# How to complete this task
Could you transcribe every record below exactly, leaving out any pictures?

Dataset entries:
··········

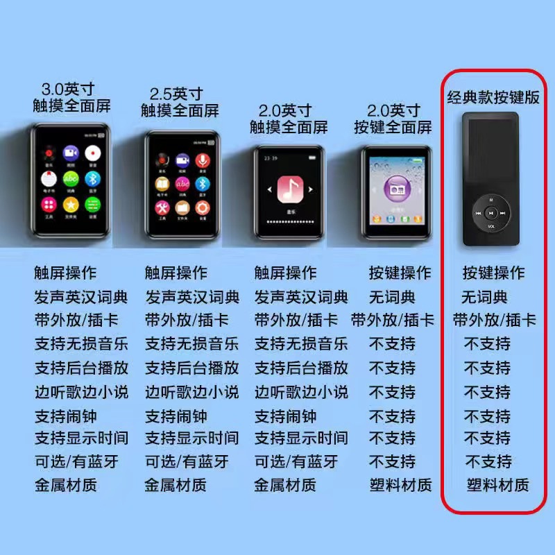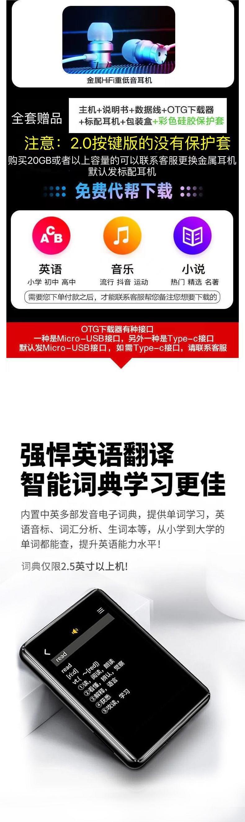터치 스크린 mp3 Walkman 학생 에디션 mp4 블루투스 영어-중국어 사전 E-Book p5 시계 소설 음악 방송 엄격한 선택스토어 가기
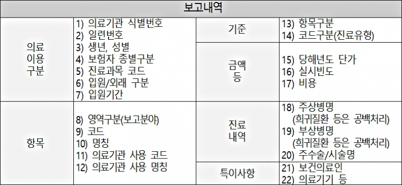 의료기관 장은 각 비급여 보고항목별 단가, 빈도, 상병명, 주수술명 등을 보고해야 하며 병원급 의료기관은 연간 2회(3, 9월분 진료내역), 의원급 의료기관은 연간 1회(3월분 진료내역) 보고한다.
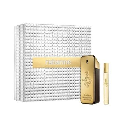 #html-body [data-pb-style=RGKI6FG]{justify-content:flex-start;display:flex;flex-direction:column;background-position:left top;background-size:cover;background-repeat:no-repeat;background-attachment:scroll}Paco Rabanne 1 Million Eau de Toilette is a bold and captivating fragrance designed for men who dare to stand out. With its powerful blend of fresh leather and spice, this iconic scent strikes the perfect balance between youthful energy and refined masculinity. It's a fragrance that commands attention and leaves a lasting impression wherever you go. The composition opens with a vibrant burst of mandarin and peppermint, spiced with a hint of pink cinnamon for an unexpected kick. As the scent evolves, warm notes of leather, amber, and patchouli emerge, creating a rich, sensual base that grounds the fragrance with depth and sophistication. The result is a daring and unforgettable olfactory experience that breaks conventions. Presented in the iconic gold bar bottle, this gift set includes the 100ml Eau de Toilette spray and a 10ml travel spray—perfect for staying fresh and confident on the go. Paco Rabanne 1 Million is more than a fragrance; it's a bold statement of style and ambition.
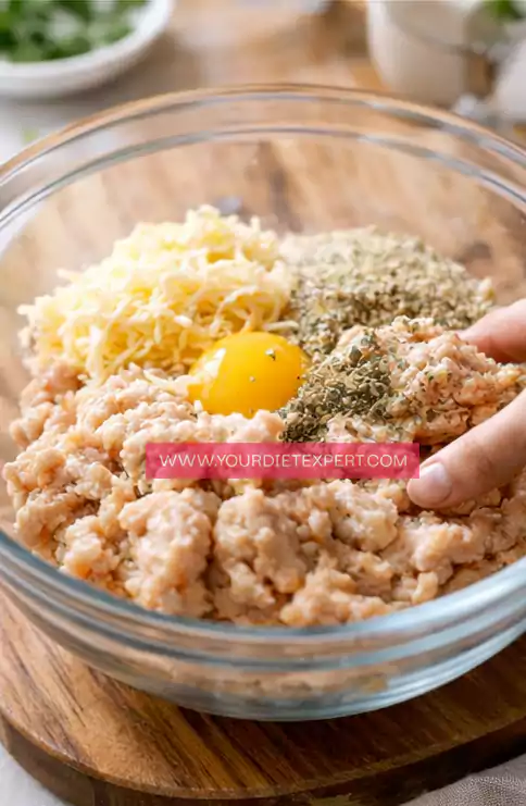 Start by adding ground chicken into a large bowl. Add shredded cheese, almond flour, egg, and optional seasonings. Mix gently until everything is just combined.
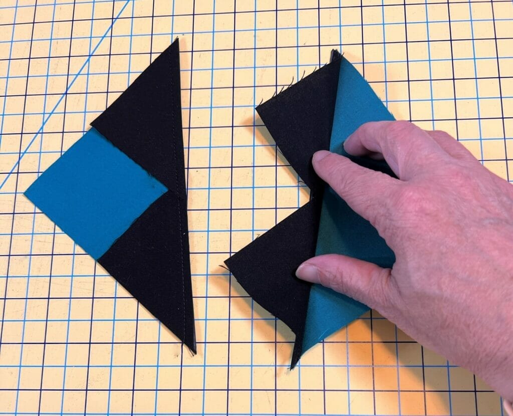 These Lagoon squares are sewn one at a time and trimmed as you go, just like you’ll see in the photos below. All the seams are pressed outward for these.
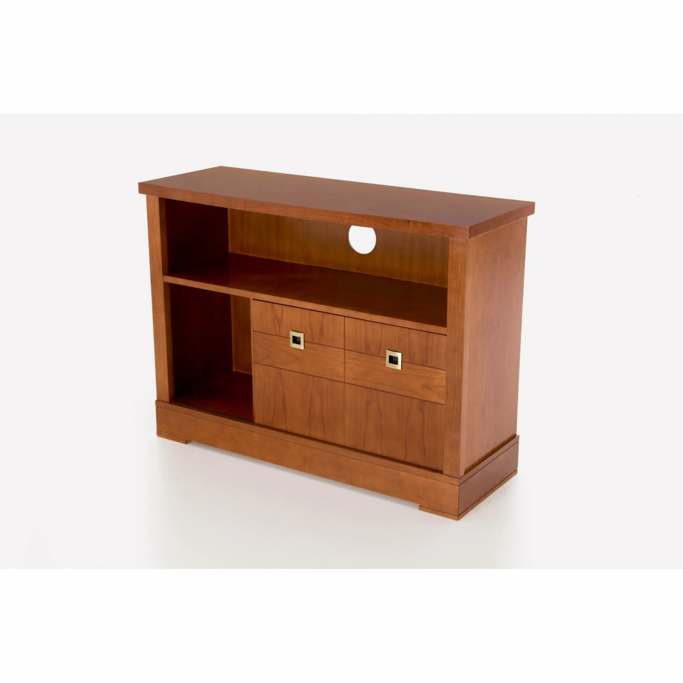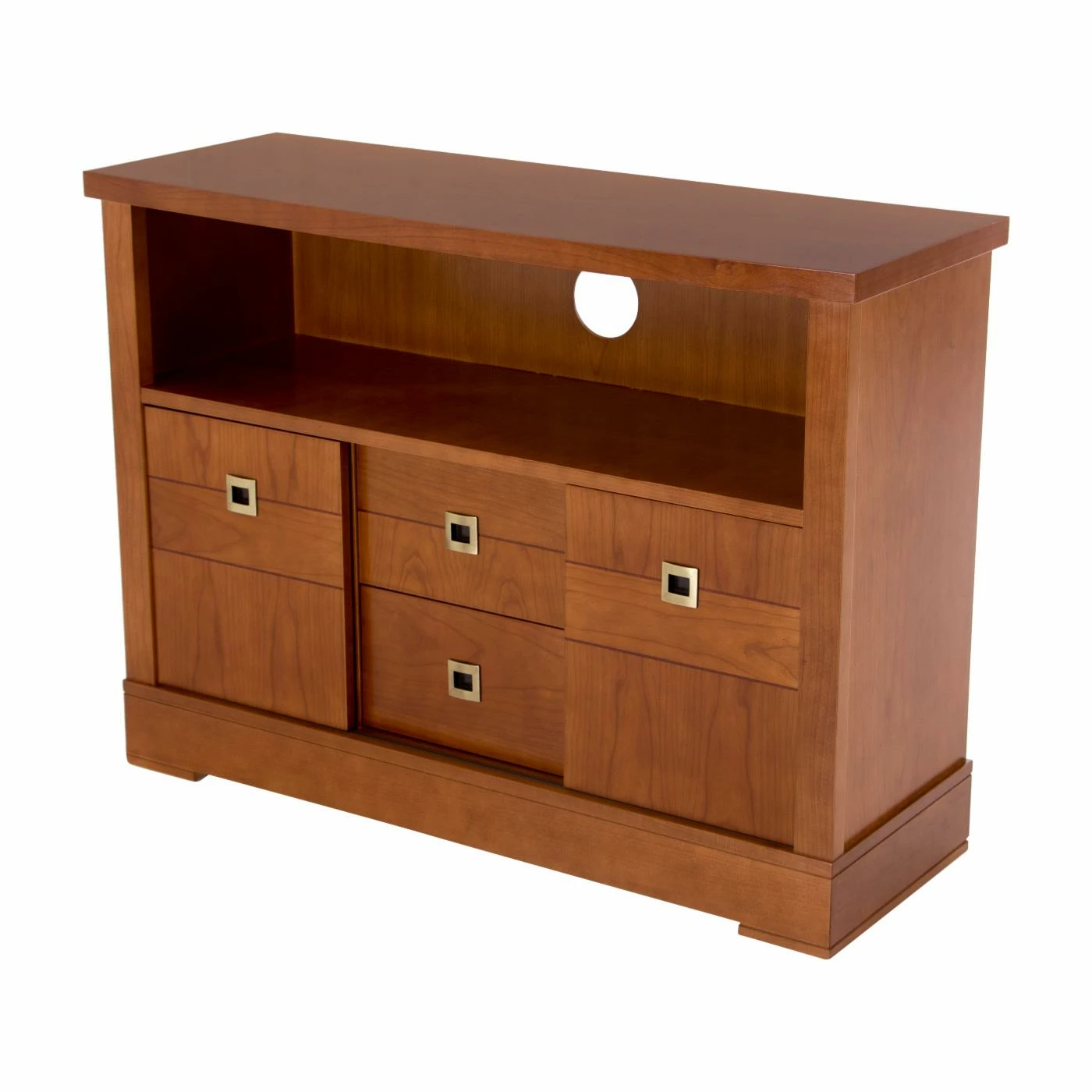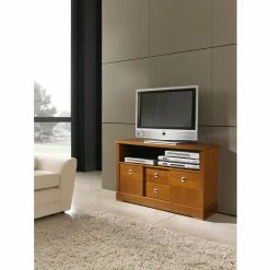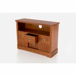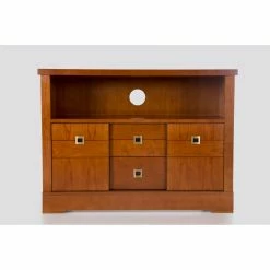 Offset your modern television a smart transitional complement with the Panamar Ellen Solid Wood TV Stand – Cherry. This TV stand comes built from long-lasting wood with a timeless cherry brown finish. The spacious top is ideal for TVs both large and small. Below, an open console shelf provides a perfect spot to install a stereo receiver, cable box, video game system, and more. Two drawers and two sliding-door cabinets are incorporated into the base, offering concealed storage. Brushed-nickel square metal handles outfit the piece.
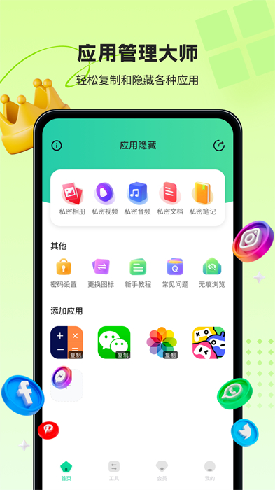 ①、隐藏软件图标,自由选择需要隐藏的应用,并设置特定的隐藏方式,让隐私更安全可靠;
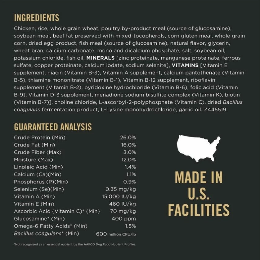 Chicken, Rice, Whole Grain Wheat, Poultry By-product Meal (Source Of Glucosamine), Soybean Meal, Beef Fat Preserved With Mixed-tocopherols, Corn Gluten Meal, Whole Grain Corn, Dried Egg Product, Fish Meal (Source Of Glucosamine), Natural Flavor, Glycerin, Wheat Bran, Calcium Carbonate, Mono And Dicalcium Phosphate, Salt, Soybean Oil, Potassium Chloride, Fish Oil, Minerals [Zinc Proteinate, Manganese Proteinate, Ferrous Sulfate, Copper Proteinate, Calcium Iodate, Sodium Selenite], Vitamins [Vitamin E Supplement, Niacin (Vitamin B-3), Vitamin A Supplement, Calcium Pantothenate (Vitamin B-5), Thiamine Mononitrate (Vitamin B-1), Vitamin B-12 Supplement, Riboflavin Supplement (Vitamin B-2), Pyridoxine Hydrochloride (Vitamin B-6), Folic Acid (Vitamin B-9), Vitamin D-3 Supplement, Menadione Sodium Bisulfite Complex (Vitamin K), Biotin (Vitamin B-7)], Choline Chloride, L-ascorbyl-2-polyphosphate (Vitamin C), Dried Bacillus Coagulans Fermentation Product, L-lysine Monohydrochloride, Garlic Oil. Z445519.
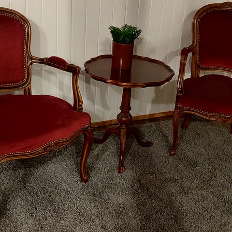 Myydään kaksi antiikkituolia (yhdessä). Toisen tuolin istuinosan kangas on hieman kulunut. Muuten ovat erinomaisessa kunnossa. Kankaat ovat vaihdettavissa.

··········

# Result
터치 스크린 mp3 Walkman 학생 에디션 mp4 블루투스 영어-중국어 사전 E-Book p5 시계 소설 음악 방송 엄격한 선택스토어 가기
 의료기관 장은 각 비급여 보고항목별 단가, 빈도, 상병명, 주수술명 등을 보고해야 하며 병원급 의료기관은 연간 2회(3, 9월분 진료내역), 의원급 의료기관은 연간 1회(3월분 진료내역) 보고한다.
 #html-body [data-pb-style=RGKI6FG]{justify-content:flex-start;display:flex;flex-direction:column;background-position:left top;background-size:cover;background-repeat:no-repeat;background-attachment:scroll}Paco Rabanne 1 Million Eau de Toilette is a bold and captivating fragrance designed for men who dare to stand out. With its powerful blend of fresh leather and spice, this iconic scent strikes the perfect balance between youthful energy and refined masculinity. It's a fragrance that commands attention and leaves a lasting impression wherever you go. The composition opens with a vibrant burst of mandarin and peppermint, spiced with a hint of pink cinnamon for an unexpected kick. As the scent evolves, warm notes of leather, amber, and patchouli emerge, creating a rich, sensual base that grounds the fragrance with depth and sophistication. The result is a daring and unforgettable olfactory experience that breaks conventions. Presented in the iconic gold bar bottle, this gift set includes the 100ml Eau de Toilette spray and a 10ml travel spray—perfect for staying fresh and confident on the go. Paco Rabanne 1 Million is more than a fragrance; it's a bold statement of style and ambition.
 Start by adding ground chicken into a large bowl. Add shredded cheese, almond flour, egg, and optional seasonings. Mix gently until everything is just combined.
 These Lagoon squares are sewn one at a time and trimmed as you go, just like you’ll see in the photos below. All the seams are pressed outward for these.
 Offset your modern television a smart transitional complement with the Panamar Ellen Solid Wood TV Stand – Cherry. This TV stand comes built from long-lasting wood with a timeless cherry brown finish. The spacious top is ideal for TVs both large and small. Below, an open console shelf provides a perfect spot to install a stereo receiver, cable box, video game system, and more. Two drawers and two sliding-door cabinets are incorporated into the base, offering concealed storage. Brushed-nickel square metal handles outfit the piece.
 ①、隐藏软件图标,自由选择需要隐藏的应用,并设置特定的隐藏方式,让隐私更安全可靠;
 Chicken, Rice, Whole Grain Wheat, Poultry By-product Meal (Source Of Glucosamine), Soybean Meal, Beef Fat Preserved With Mixed-tocopherols, Corn Gluten Meal, Whole Grain Corn, Dried Egg Product, Fish Meal (Source Of Glucosamine), Natural Flavor, Glycerin, Wheat Bran, Calcium Carbonate, Mono And Dicalcium Phosphate, Salt, Soybean Oil, Potassium Chloride, Fish Oil, Minerals [Zinc Proteinate, Manganese Proteinate, Ferrous Sulfate, Copper Proteinate, Calcium Iodate, Sodium Selenite], Vitamins [Vitamin E Supplement, Niacin (Vitamin B-3), Vitamin A Supplement, Calcium Pantothenate (Vitamin B-5), Thiamine Mononitrate (Vitamin B-1), Vitamin B-12 Supplement, Riboflavin Supplement (Vitamin B-2), Pyridoxine Hydrochloride (Vitamin B-6), Folic Acid (Vitamin B-9), Vitamin D-3 Supplement, Menadione Sodium Bisulfite Complex (Vitamin K), Biotin (Vitamin B-7)], Choline Chloride, L-ascorbyl-2-polyphosphate (Vitamin C), Dried Bacillus Coagulans Fermentation Product, L-lysine Monohydrochloride, Garlic Oil. Z445519.
 Myydään kaksi antiikkituolia (yhdessä). Toisen tuolin istuinosan kangas on hieman kulunut. Muuten ovat erinomaisessa kunnossa. Kankaat ovat vaihdettavissa.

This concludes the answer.